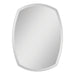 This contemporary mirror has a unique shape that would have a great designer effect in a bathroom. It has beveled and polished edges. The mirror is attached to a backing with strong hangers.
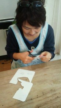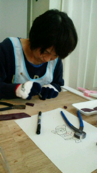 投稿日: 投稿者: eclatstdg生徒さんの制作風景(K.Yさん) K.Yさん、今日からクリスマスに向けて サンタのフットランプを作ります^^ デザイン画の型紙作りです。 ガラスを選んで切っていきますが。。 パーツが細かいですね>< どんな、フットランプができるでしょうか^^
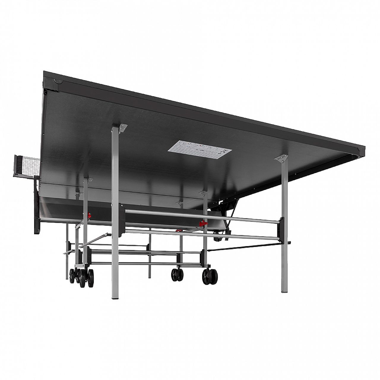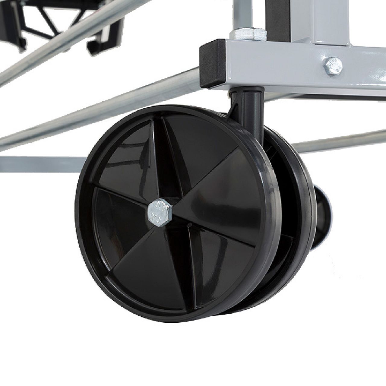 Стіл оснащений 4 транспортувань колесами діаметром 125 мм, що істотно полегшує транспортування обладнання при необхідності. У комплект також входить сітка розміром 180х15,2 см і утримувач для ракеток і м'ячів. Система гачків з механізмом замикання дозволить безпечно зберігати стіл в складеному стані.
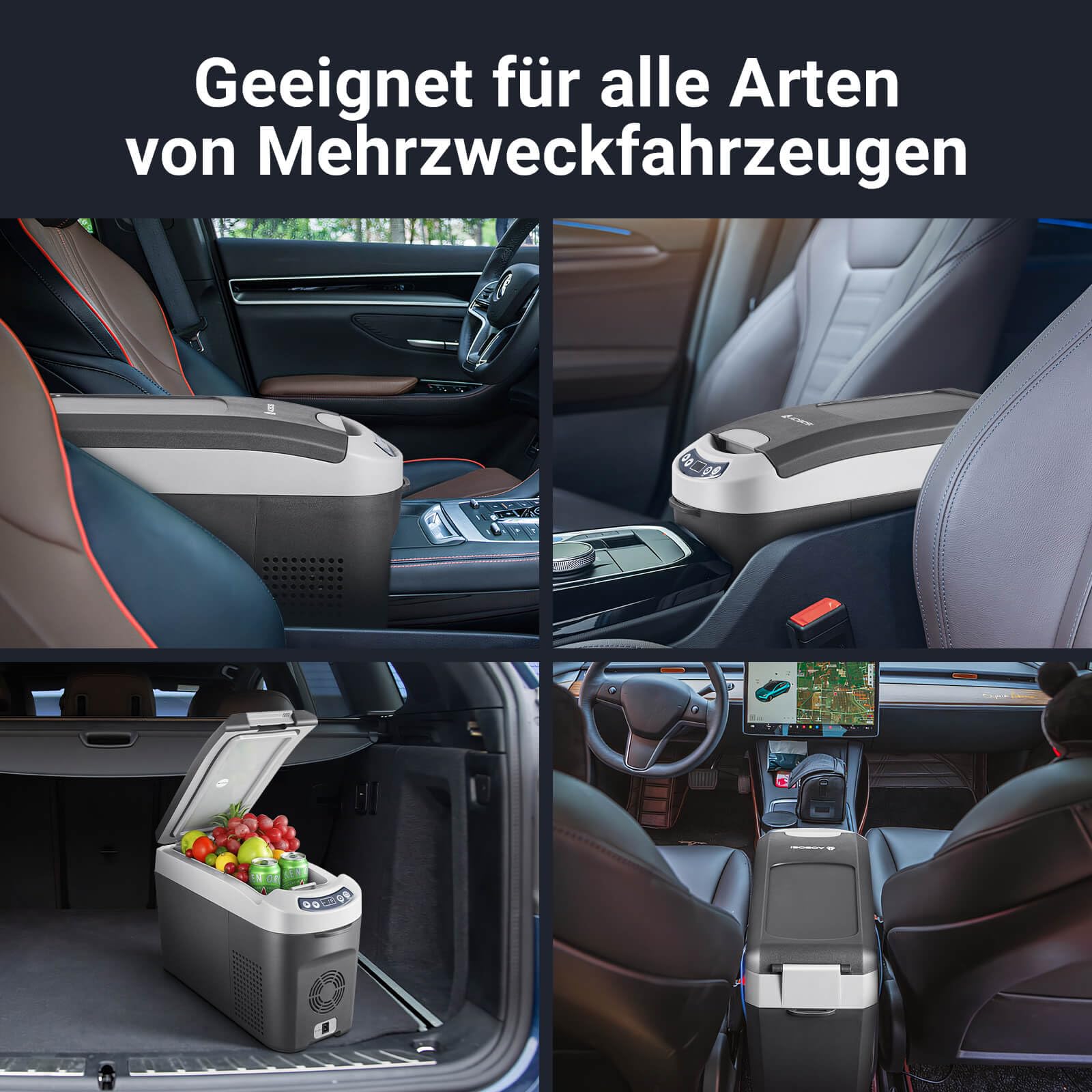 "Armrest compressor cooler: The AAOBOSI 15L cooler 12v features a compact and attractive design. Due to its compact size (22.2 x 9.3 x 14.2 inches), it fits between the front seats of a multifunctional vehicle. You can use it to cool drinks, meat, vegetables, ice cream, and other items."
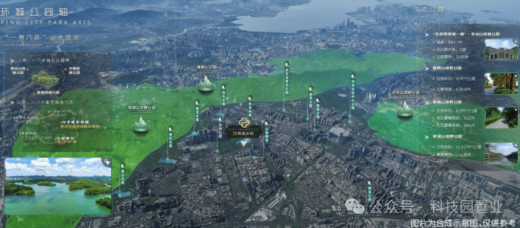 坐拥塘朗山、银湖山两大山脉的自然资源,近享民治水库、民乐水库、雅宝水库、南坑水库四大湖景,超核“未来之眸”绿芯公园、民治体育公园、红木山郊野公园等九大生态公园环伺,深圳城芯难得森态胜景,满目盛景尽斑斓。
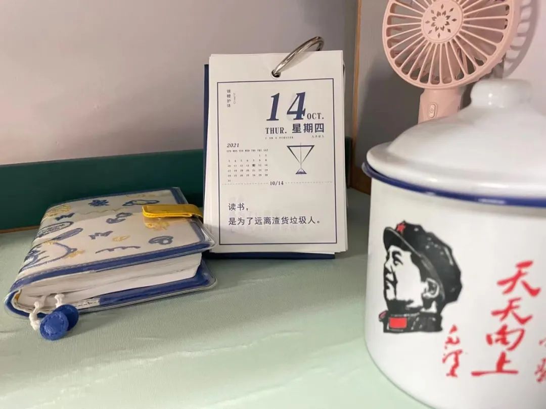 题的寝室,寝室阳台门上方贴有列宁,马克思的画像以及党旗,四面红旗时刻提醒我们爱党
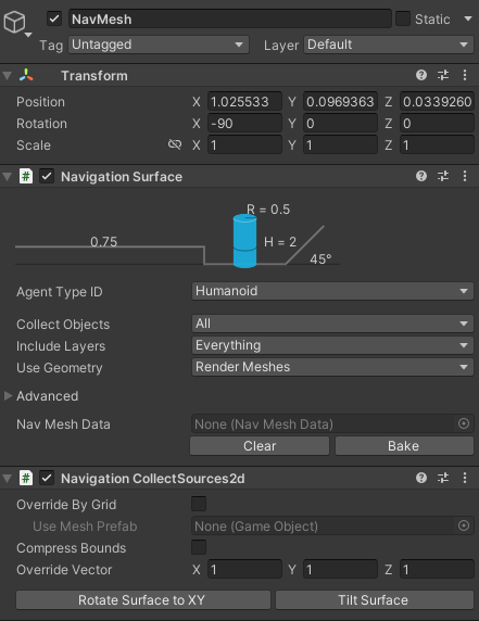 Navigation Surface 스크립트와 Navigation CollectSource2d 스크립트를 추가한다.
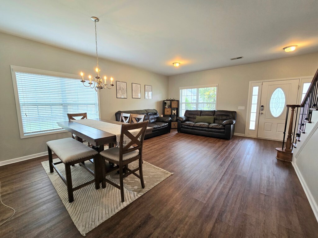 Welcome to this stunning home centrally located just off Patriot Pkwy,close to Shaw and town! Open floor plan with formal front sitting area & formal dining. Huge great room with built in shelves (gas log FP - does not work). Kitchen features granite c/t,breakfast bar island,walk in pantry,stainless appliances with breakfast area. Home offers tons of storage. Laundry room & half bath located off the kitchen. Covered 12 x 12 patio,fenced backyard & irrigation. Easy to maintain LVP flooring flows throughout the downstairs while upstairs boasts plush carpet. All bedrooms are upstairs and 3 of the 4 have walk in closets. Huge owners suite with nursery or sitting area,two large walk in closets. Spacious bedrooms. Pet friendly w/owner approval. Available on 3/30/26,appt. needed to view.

== == ==

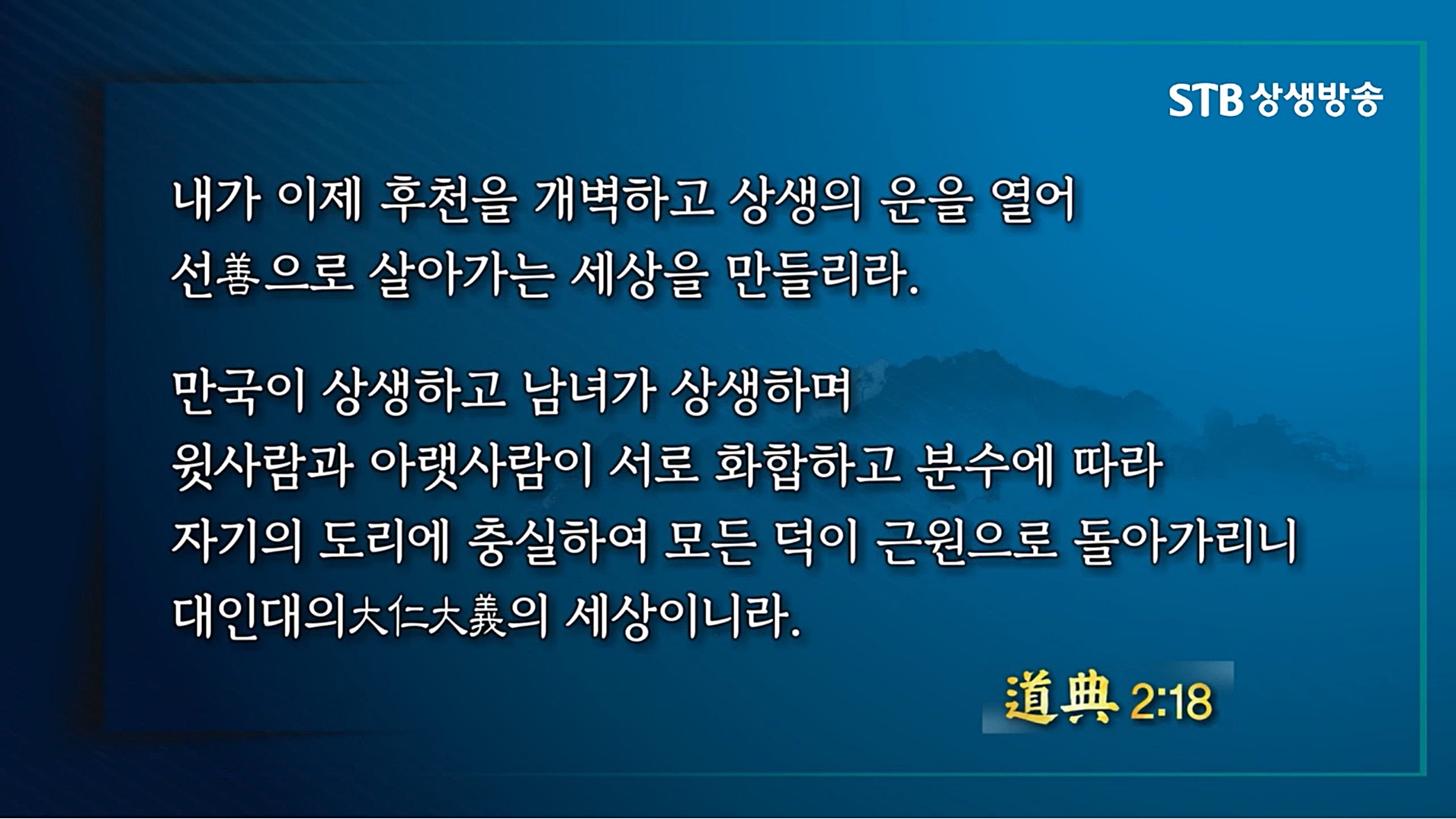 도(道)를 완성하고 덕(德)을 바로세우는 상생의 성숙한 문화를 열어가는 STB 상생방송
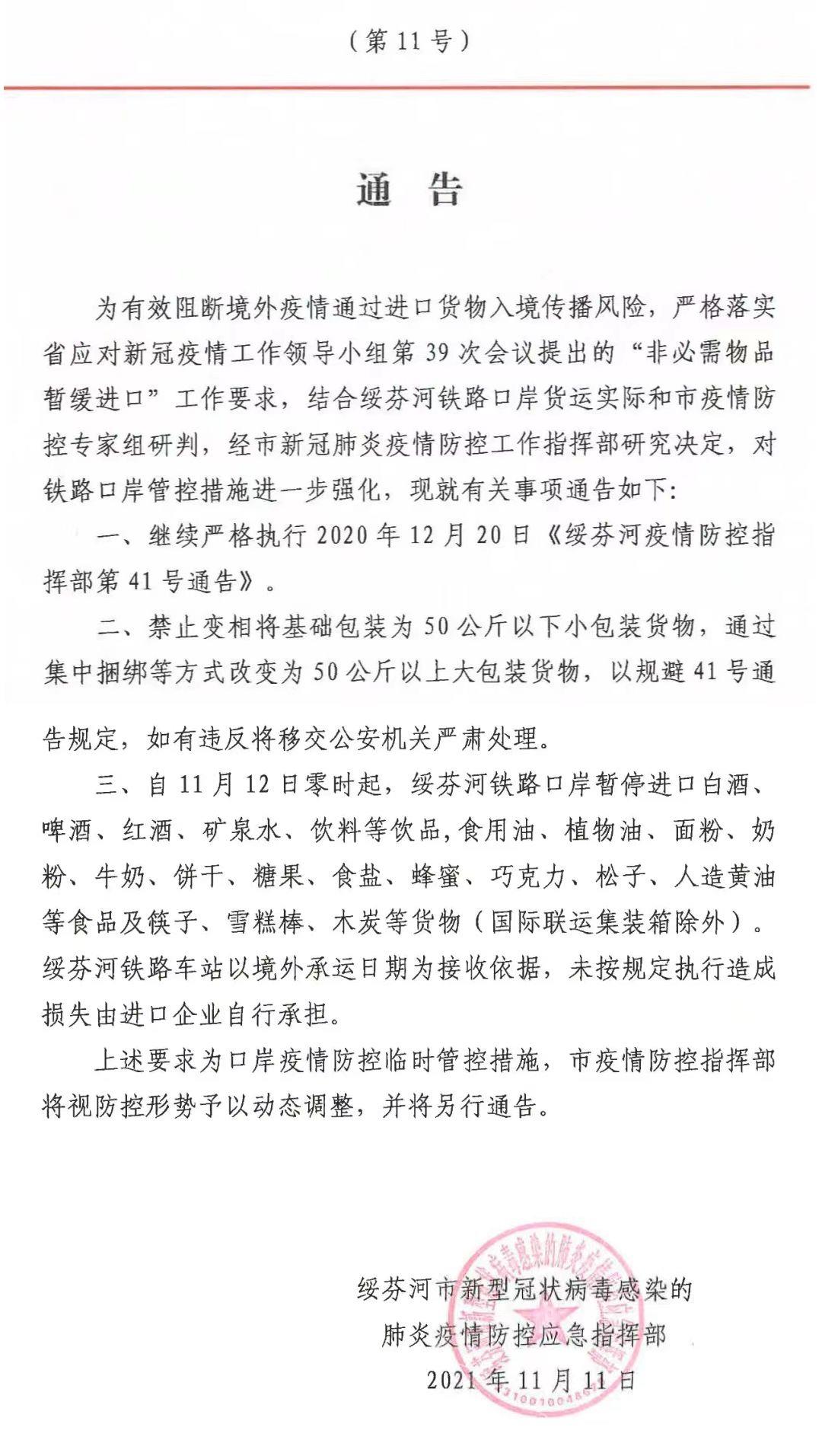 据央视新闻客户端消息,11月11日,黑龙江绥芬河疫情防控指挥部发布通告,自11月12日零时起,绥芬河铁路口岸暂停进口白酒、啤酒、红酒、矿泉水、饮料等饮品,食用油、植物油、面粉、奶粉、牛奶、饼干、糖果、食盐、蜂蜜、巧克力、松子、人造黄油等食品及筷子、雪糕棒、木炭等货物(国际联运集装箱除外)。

== == ==

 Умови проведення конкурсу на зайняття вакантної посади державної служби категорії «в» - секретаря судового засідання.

== == ==

(Description of the task)
Give again, exactly as written above, each line from the one that has "도(道)를 완성하고 덕(德)을" to the one that has "据央视新闻客户端消息,11月", both included; omit the pictures.

(The completed task)
 도(道)를 완성하고 덕(德)을 바로세우는 상생의 성숙한 문화를 열어가는 STB 상생방송
 据央视新闻客户端消息,11月11日,黑龙江绥芬河疫情防控指挥部发布通告,自11月12日零时起,绥芬河铁路口岸暂停进口白酒、啤酒、红酒、矿泉水、饮料等饮品,食用油、植物油、面粉、奶粉、牛奶、饼干、糖果、食盐、蜂蜜、巧克力、松子、人造黄油等食品及筷子、雪糕棒、木炭等货物(国际联运集装箱除外)。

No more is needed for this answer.